====== Data provided ======

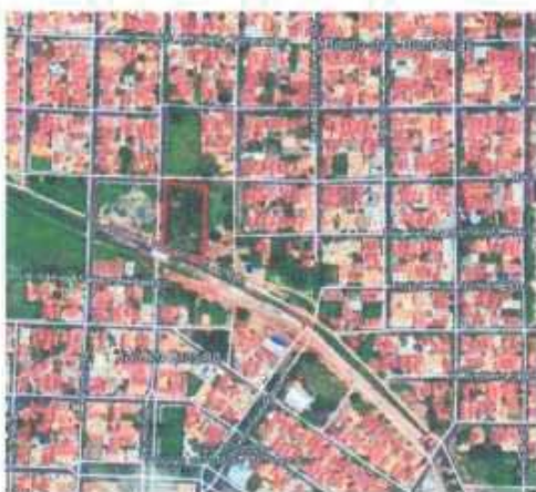
VISTA ÁREA DO LOTE

Tipo: Terreno CEP Nº: Complemento Endereço: Rua Chile, 1015 Destrito: Bairro: Jardim Brasília Cidade: Araçatuba UF: SP Zoneamento: ZEIS 01
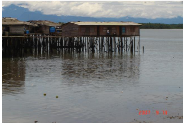
Asentamiento poblacional del municipio, zonas periféricas en el barrio la Playita calle la Punta del Caco
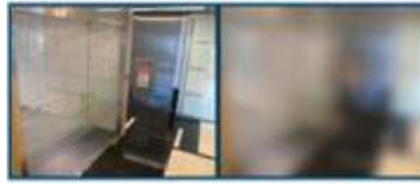
フォーカスチェンジ
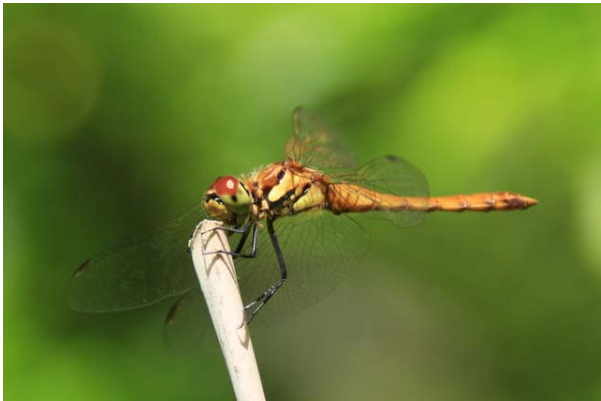
6/29 アキアカネ飛来(戦場ヶ原)

今年は霧降高原園地のニッコウキスゲが素晴らしい。下段は盛りを過ぎているが、全体で1445段ある階段の内、800段付近からの斜面がオススメ。最上部までの登りは平均40~50分程かかるので、時間に余裕が欲しい。まだ蕾も残るので7/11~12頃までは十分に楽しめるだろう。7/3~6はやや離れた駐車場から無料シャトルが運行される。また、日光駅からの路線バスは一時間に一本程度なのでスケジューリングに注意。戦場ヶ原ではホザキシモツケの開花が始まり、アヤメやウマノアシガタ、ハクサンフウロなど夏の花が開花。また、ウラギンヒョウモンやフタスジチョウ、ミヤマクワガタなども活動を始め、夏の様相を呈してきた。当年生まれの仔鹿の姿を見かけた。戦場ヶ原木道沿いでクマハギを多く見かける。目撃情報は少ないが、早朝夜間は注意。
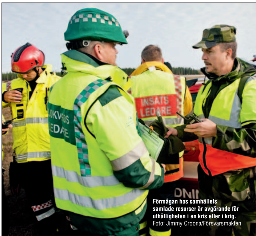
Förmågan hos samhällets samlade resurser är avgörande för uthålligheten i en kris eller i krig.

Här någonstans blir samhällets uteblivna beredskap ett hinder för min möjlighet att ställa upp. Jag bedömer att jag – trots en stark vilja att vilja ställa
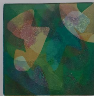
Unutarnji autoportreti, 2024.
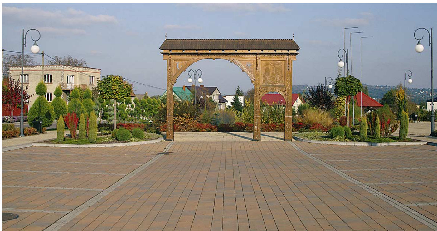
Koszyc Wielkie. Centrum wsi z bramą seklerską.
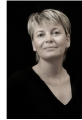
Rachel CHALOPIN Photographe professionnel

Amateurs de treks dans le Grand Nord en autonomie totale, de randonnées hivernales en France et de photographies, notre attirance pour les grands espaces nous a conduit à maintes reprises dans les contrées boréales (Islande, Groenland, Spitzberg, Laponie Suédoise...) mais c'est également chez nous, en Auvergne, que nous pouvons assouvir notre recherche d'immensité.
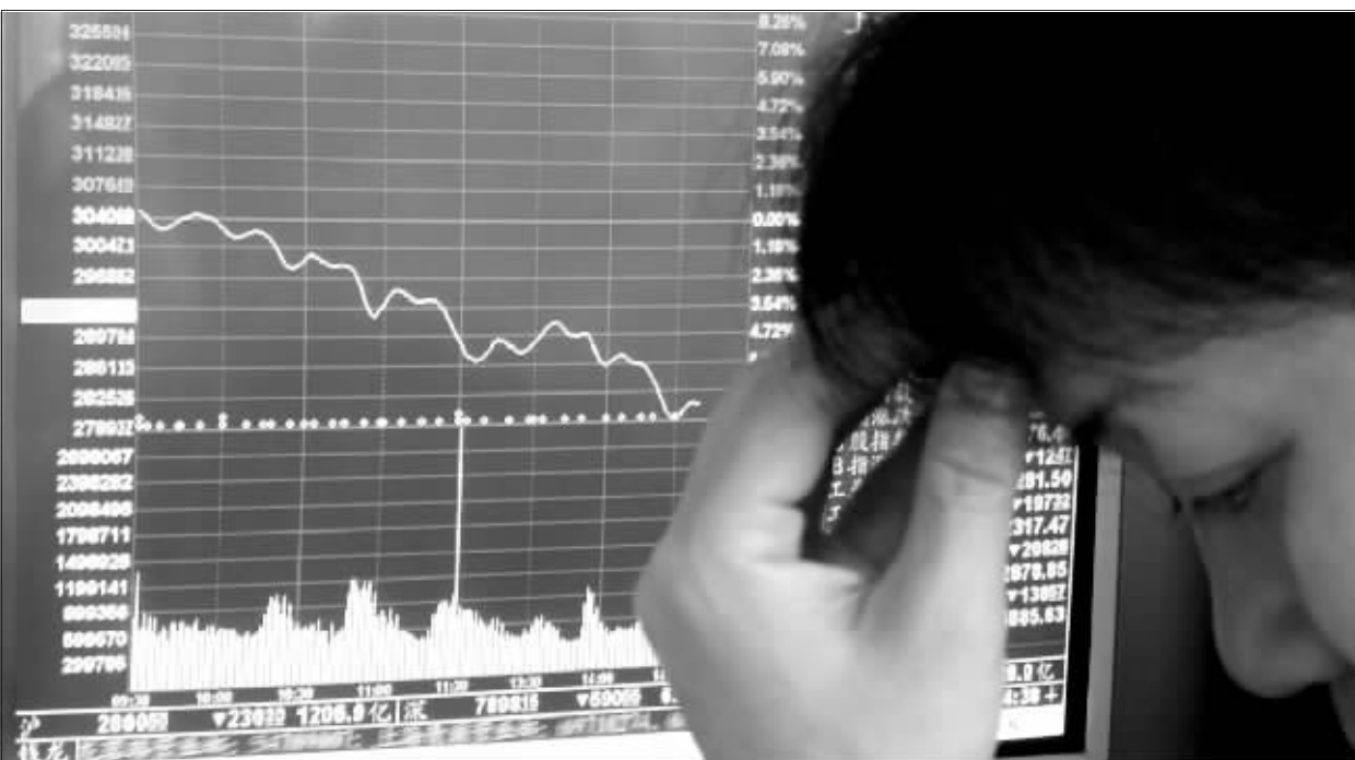
昨日,股市暴跌,股民黯然神伤

下跌268点 昨天,上证综指盘中最高上摸3049点,最低下探2763点,上下落差高达286个点,也创出了近10年行情的最大落差。 总市值“缩水”上万亿 据沪深证券交易所的数据,昨天的大跌让两市A股的总市值“缩水”10170.9亿元,两市A股的流通市值也减少了3008.1亿元。 860只个股跌幅达10% 周二市场出现了异常惨烈的杀跌走势,接近尾市之时,沪深两市共有860只个股跌幅达到10%,如果算上跌幅超过9%的,则沪深两市共有近1000家个股以近跌停的位置报收。
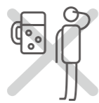
飲酒後や体調不良時の 運転はしない
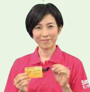
元ショートトラック スピードスケート日本代表 勅使川原郁恵さん
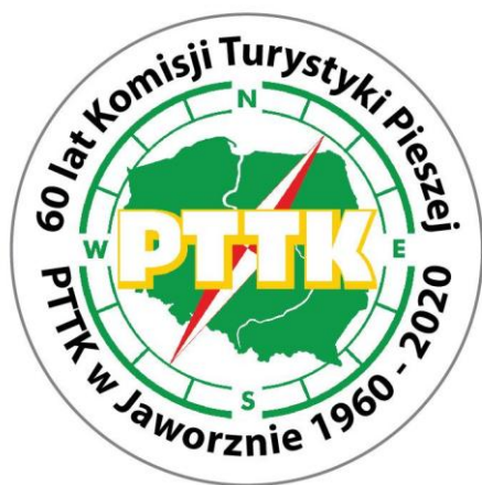
Fot. 13. Logo jubileuszowe KTP PTTK Jaworzno wykonane w roku 2020 przez firmę Badge4u z Jaworzna.
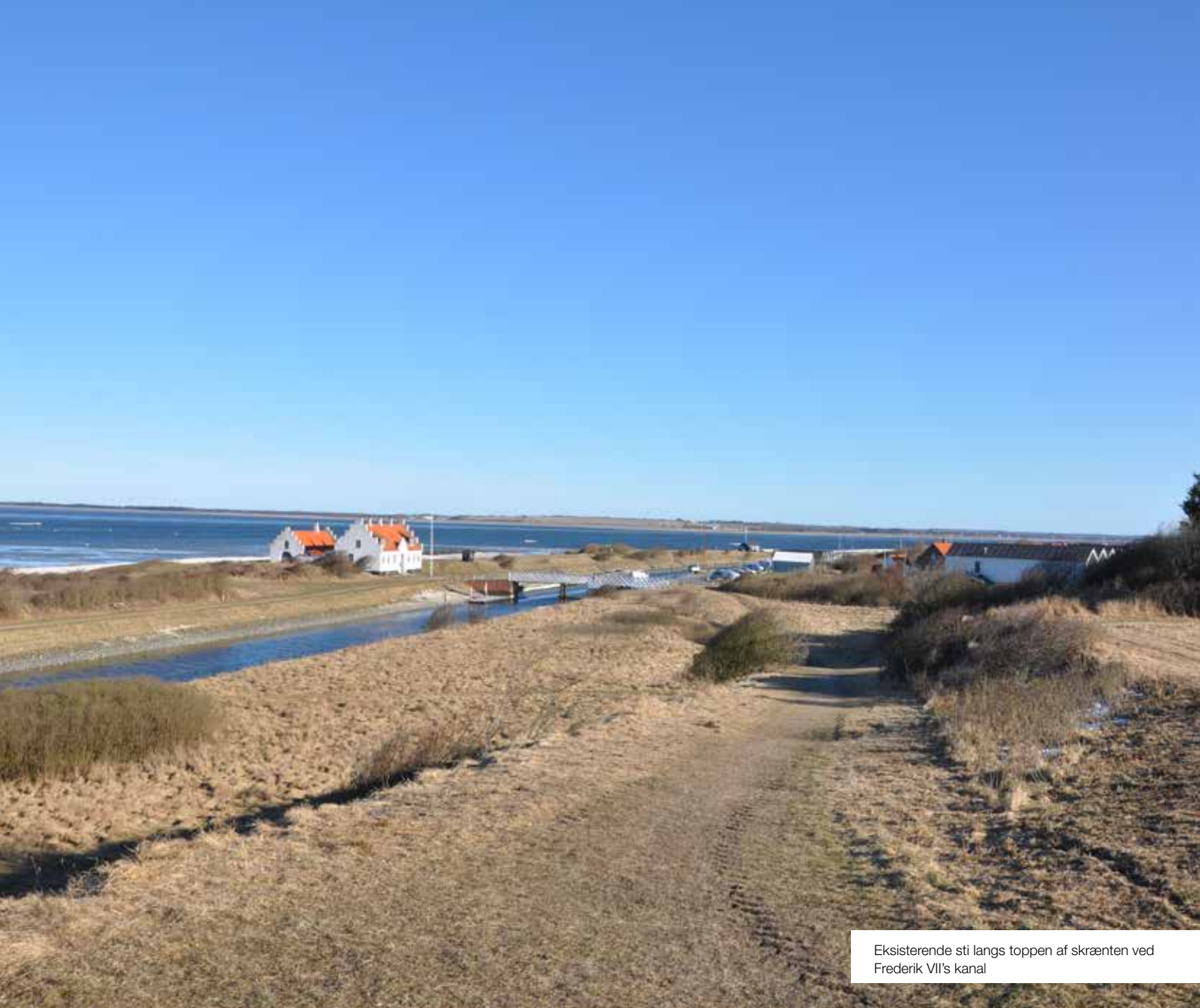
Eksisterende sti langs toppen af skrænten ved Frederik VII's kanal

Stien vil kunne bruges som en del af træningen for foreningerne på Lanternen, af skolen og rideklubben (dele af strækningen), og ikke mindst af alle, som blot har lyst til at komme ud i den friske luft. Det er populært at dyrke udendørs aktiviteter. Mange går, løber eller cykler. Det er en fleksibel og let form for motion, der kan passes ind i en travl hverdag hele året rundt. Gode udendørs aktivitetsmuligheder er derfor også en del af et attraktivt boligområde.
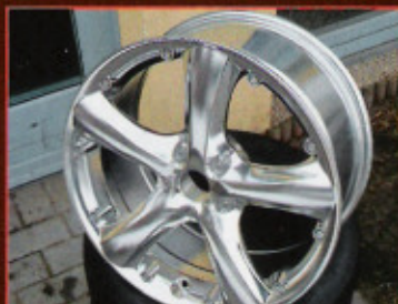
Dreistufiger Poliermarathon mit Keramikkegeln
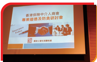
◎ 本會與ICAC合辦持續專業發展課程之專業道德及防貪研討會 HKCII organized a CPD course with the assistance of ICAC which offered free ethics training and consultancy services
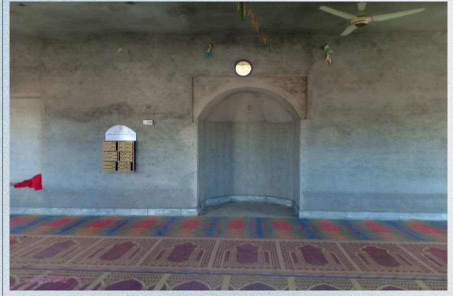
صورة لدولاب المصاحف من داخل مصلى المسجد
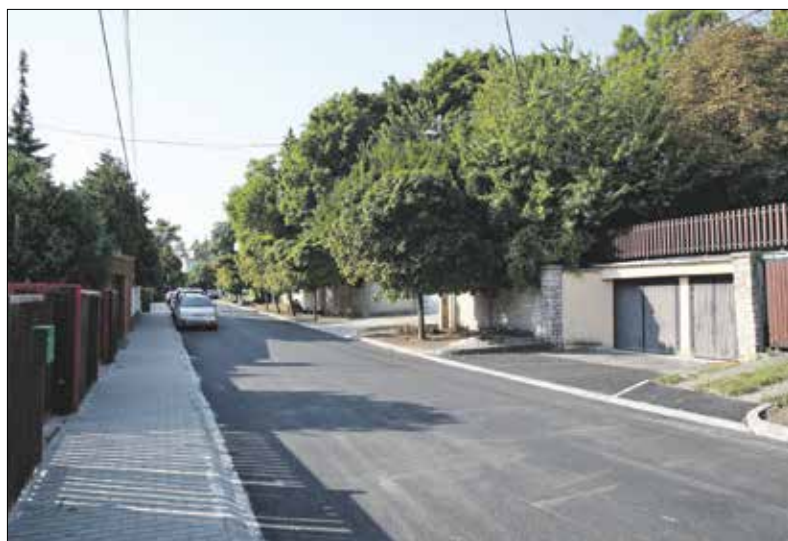
Új aszfalt, szegély és járda is épült a Szendrő utcában

vidék egyik legszebb, csendes környékét érintette, ahol azonban hétköznapi csúcsidőben – főként a környékbeli iskolák miatt – jelentős az autóforgalom.
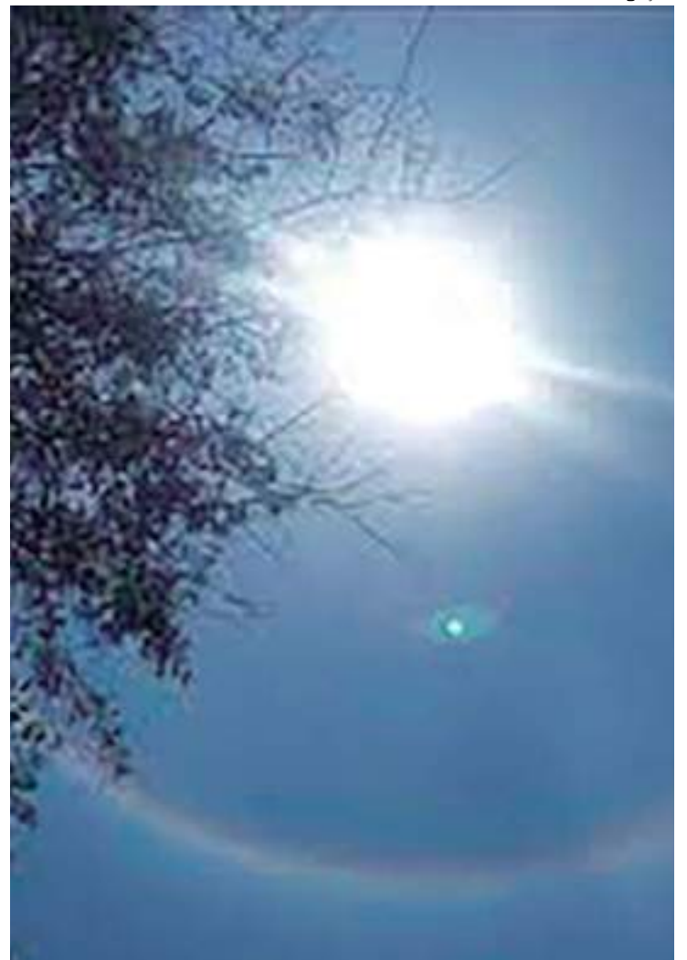
As altas temperaturas estão relacionadas com o fenômeno 'El Niño'

"Primeiro, arborização. Acredito que arborização ajudaria muito a diminuir o calor. Ao invés de priorizar estacionamento, plantar mais árvores. Bebedouro também, espalhados pelo Centro de Manaus", finalizou Sanches.
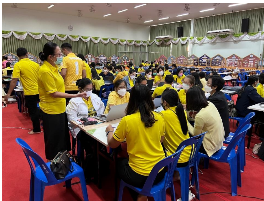
อบรมเชิงปฏิบัติการ “การพัฒนาสมรรถนะผู้เรียน ด้วยหลักสูตรแกนกลางฯ พ.ศ.2551 (ฉบับปรับปรุง พ.ศ.2560) สู่หลักสูตรฐานสมรรถนะ
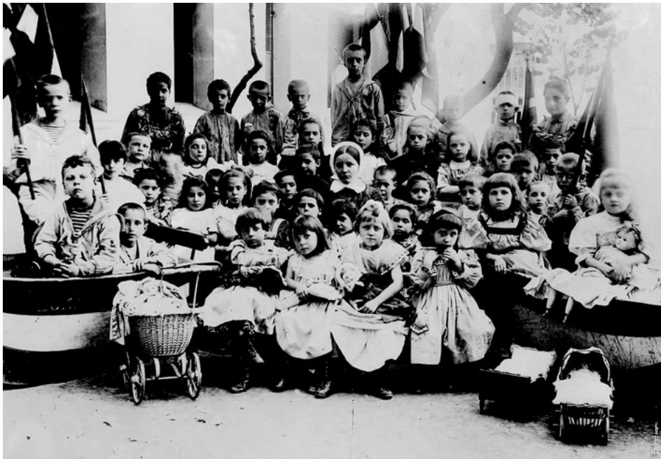
Abb. 1: Teutonia-Kindergarten um 1882 (undatiertes Foto im Besitz des Deutschen Kindergartens in Istanbul).

cher Bibelgeschichten bediente. Kleinen Kindern sollten zum Beispiel Geschichten erzählt werden, die der kindlichen Phantasiewelt entsprachen. Neben dem Vorlesen aus der Bibel war das gemeinsame Singen der zweite elementare Bestandteil des Fließenden Unterrichts. 1842 veröffentlichte der Diakoniegürnder das erste „Liederbuch für Kleinkinderschulen“, das mit seinem umfangreichen Anhang gleichzeitig ein Lehrbuch für Kleinkinderlehrerinnen war. Noch 1901 wurde das Liederbuch in seiner 13. Auflage gedruckt (Felgentreff 1998: 42). Sein Inhalt ist keineswegs nur christlich. Wie alle anderen Kaiserswerther Publikationen war auch das Liederbuch politisch. Neben Liedern „für christliche Festzeiten“ wie Ostern, Weihnachten etc. sangen die Diakonissen mit den Kindern auch „Vaterlands-Lieder“, beispielsweise zum Geburtstag des Königs 28 , der regelmäßig im Kindergarten gefeiert wurde. 29
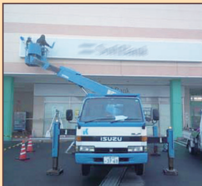
看板面クリーニング作業
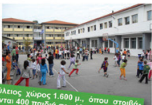
Αύλειος χώρος 1.600 μ., όπου στοιβάζονται 400 παιδιά σε κάθε διάλειμμα
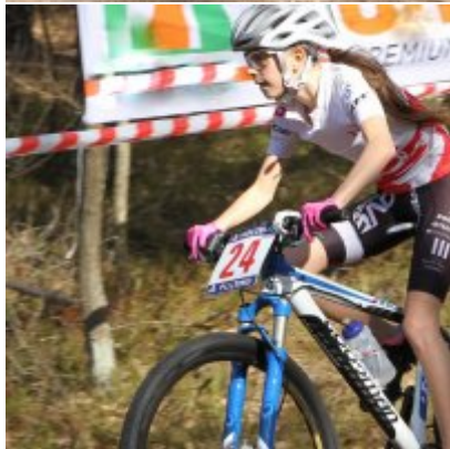
Zatorzanin na podium podczas Eliminacji Ogólnopolskiej Olimpiady Młodzieży!
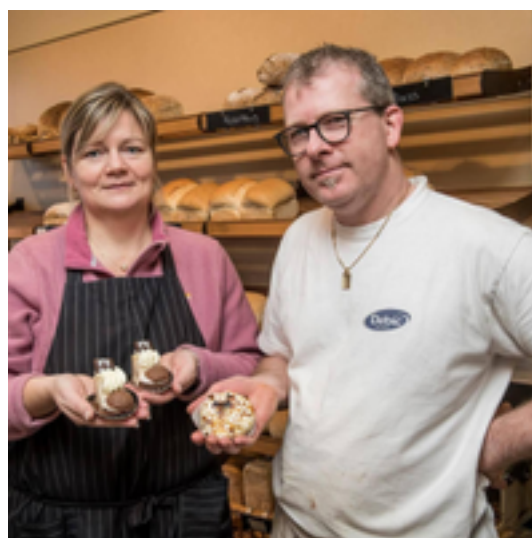
Afbeelding 23: 't Peerke
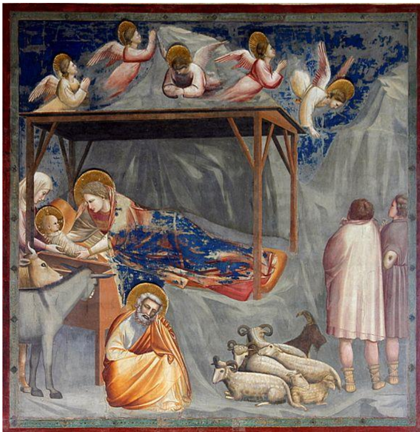
Giotto, De geboorte van Jezus, Scrovegni-kapel

Wie de kapel bezoekt wandelt onder een prachtig indigoblauwe sterrenhemel met goudgele sterren. De kapel is van boven tot onder voorzien van kleurige fresco's die bijbelverhalen verbeelden en afbeeldingen van de kardinale deugden en hun zondige tegenhangers. De kapel is ingedeeld in regelmatige ruimtes voorzien van diepteperspectief, waarin de handelende personages herkenbaar en levendig zijn afgebeeld.
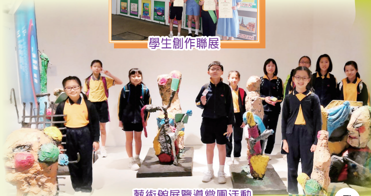
藝術館展覽導賞團活動
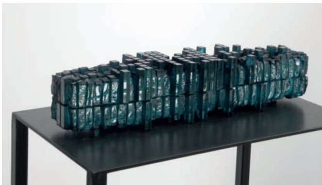
Ohne Titel – 2013 Verbundglasblock, gesägt, gemeißelt und patiniert 66,5 x 14 x 14 cm

Till Augustin was born in 1951 near Starnberg/ Bavaria, Germany. He lives and works in Nuremberg, Germany.
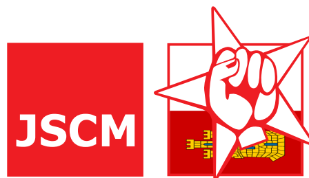
Juventudes Socialistas de Castilla-La Mancha
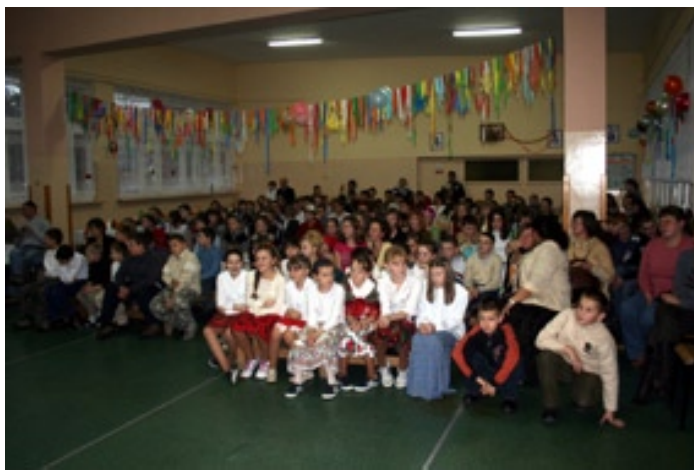
Pamiątkowe zdjęcie uczestników balu

Tradycją stały się już karnawałowe spotkania integracyjne podopiecznych 7- miu świetlic profilaktyczno-wychowawczych działających przy szkołach na terenie miasta i gminy Piwniczna – Zdrój. 19 stycznia br. w sobotnie popołudnie, w świetlicy Szkoły Podstawowej Nr 1 w Piwnicznej – Zdroju odbyła się zabawa integracyjna, w której uczestniczyło ponad 200 dzieci i młodzieży wraz z opieką pedagogiczną organizatorami i zaproszonymi gośćmi. Celem spotkania było pokazanie jak można zdrowo, pożytecznie i radośnie bawić się, a jednocześnie w zabawie zaprezentować dorobek artystyczny poszczególnych zespołów świetlicowych.

======

• **Exercise description**
Looking at the data above, work out how many lines contain "mais" and answer with the figure only.

• **Solution**
2